Shun-ichi Amari (Tokyo) visited the Institute for three weeks and presented some of his recent work on the information geometry view of learning in neural networks and other probabilistic models, including a unified perspective on the various techniques for independent component analysis. One of the developments to have emerged from this work is the use of the natural Riemannian gradient for on-line learning. It is anticipated that this algorithm is not only asymptotically efficient but may eliminate the so-called plateaus associated with conventional gradient descent learning which give rise to extremely slow convergence. During Amari's visit, Magnus Rattrey (Aston) and David Saad (Aston), in collaboration with Amari, developed an analysis of the performance of natural gradient descent within the statistical mechanics framework, and were able to go beyond the asymptotic regime. The Riemannian gradient has also been applied to the problem of independent component analysis in the case where the number of source signals is unknown. Usually the number of observations is larger than that of the sources but they are noise contaminated.

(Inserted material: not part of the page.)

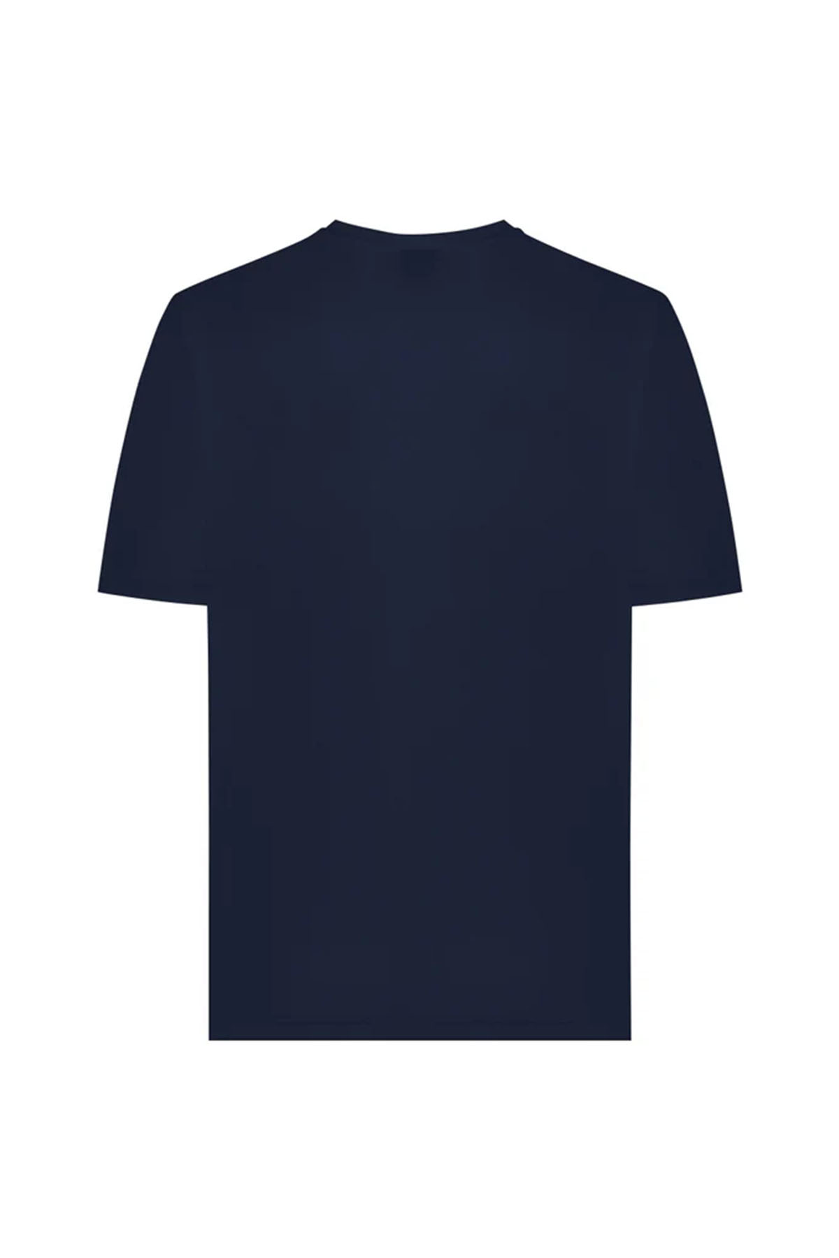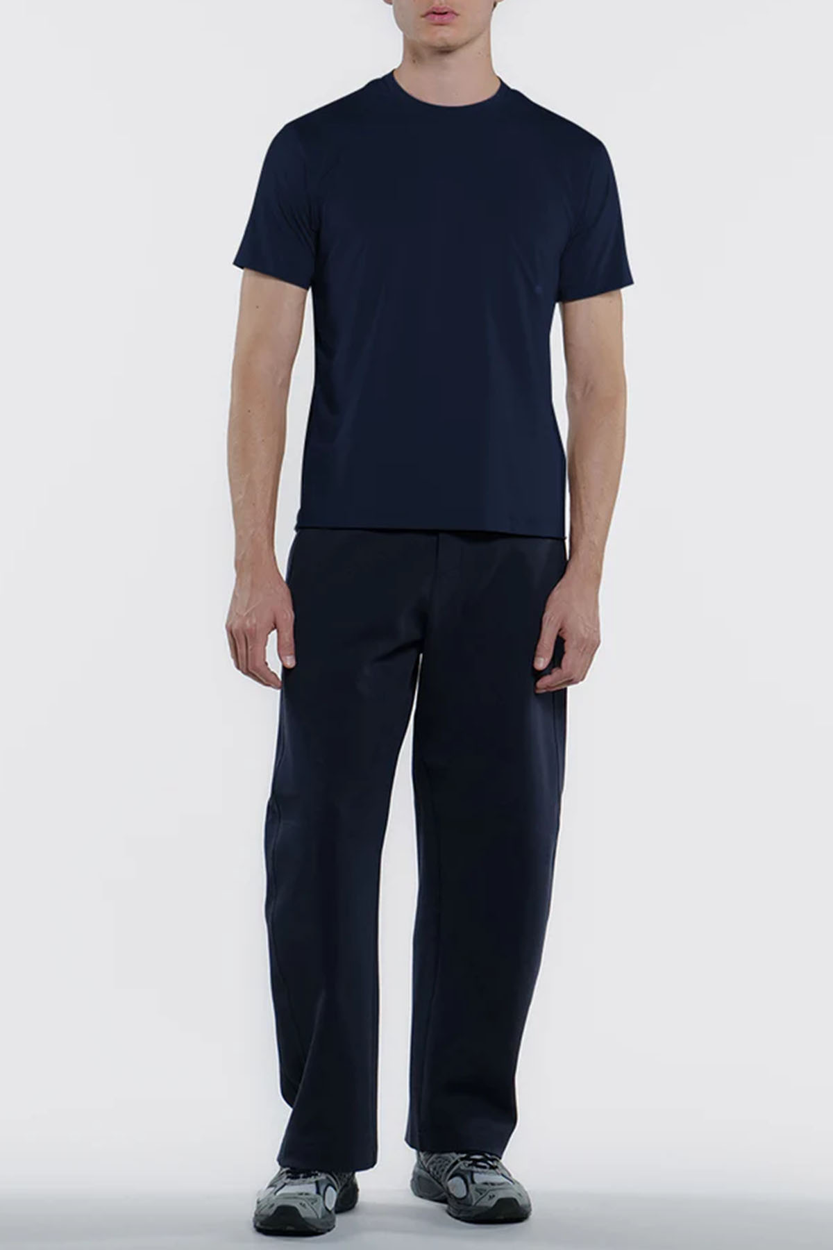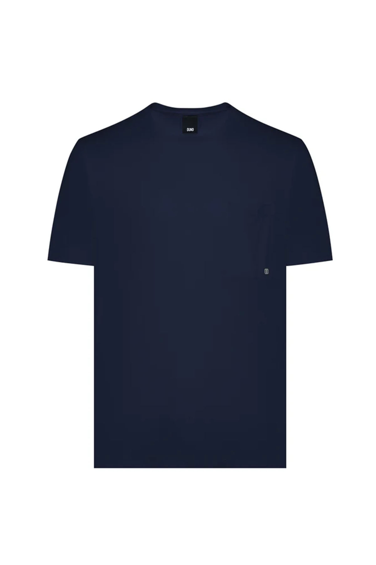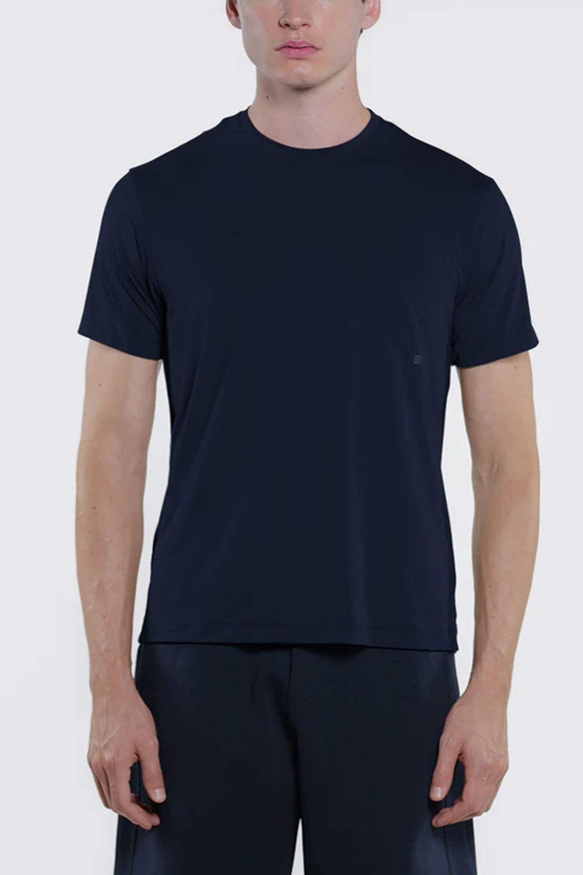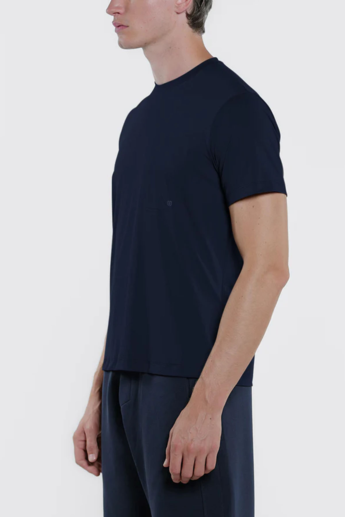 Blue crew-neck T-shirt in lightweight, two-way stretch warp-knit fabric. Patch pocket entirely laser-cut and heat-sealed to the edge. Reflective logo on the pocket.

In this case the parameter space forms a Stiffel manifold, and an explicit formula has been obtained for the natural gradient.

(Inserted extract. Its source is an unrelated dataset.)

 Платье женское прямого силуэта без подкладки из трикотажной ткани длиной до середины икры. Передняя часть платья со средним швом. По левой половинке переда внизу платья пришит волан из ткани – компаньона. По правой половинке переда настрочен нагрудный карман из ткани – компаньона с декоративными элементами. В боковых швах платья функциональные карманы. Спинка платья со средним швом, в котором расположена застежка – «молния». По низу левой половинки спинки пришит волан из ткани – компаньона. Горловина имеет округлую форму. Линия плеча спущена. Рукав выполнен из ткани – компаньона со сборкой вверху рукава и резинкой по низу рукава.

The programme benefited from sponsorship by British Airways, Rolls Royce and British Aerospace (5,000 each), as well as from an arrangement with Silicon Graphics which significantly enhanced the UNIX computer facilities available to participants. We grateful to all of the sponsors for their generosity.

We would also like to express our sincere thanks to the staff of the Isaac Newton Institute, for their energy, enthusiasm and general support throughout the six month programme.